Syscat - the Systematic Catalogue

Originally it was the System Catalogue ("From spare parts to org charts"), and I was treating it separately from general-purpose knowledge-management.

Over time, I came to understand that the hippies are right: everything is interconnected. The richer your knowledgebase gets, the less sense these arbitrary distinctions make. So now it's a knowledge-management system that's pretty good as a Single Source of Truth for IT environments.

What is it?

The first truly comprehensive Single Source of Truth for an IT environment.

It's designed specifically to track all the things and all the interconnections between them, both within and between layers. It does this across multiple organisations, and is designed to be user-extensible and to scale under load. Importantly for an IT infrastructure team, its API-first design makes it as easy as possible to build automation around it.

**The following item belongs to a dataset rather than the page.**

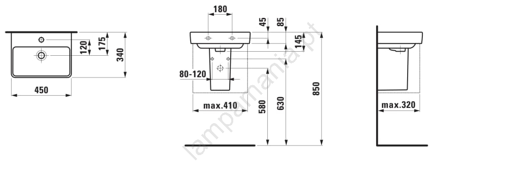 • A embalagem inclui o lavatório sem sifão e sem torneira.

It's designed to represent the environment you have, in whatever level of detail you actually have, without opinions about how you should have architected it. However, it does have opinions about how things are described: the strongest is that it makes a distinction between how things should be, and how they've been observed to be.

The storage layer is Neo4j, an extremely capable graph database.

That's great. But what does it do?

Captures your entire infrastructure in one place, in a structured, self-consistent form with a consistent, predictable REST-like HTTP API, and gets out of your way.

That's actually all it does, by itself. The value is that it captures everything, it's all in one place, and it can be updated or queried by anything that speaks HTTP and JSON. Also, now all that data is accessible via the same HTTP API, so you only need to query one API with one convention.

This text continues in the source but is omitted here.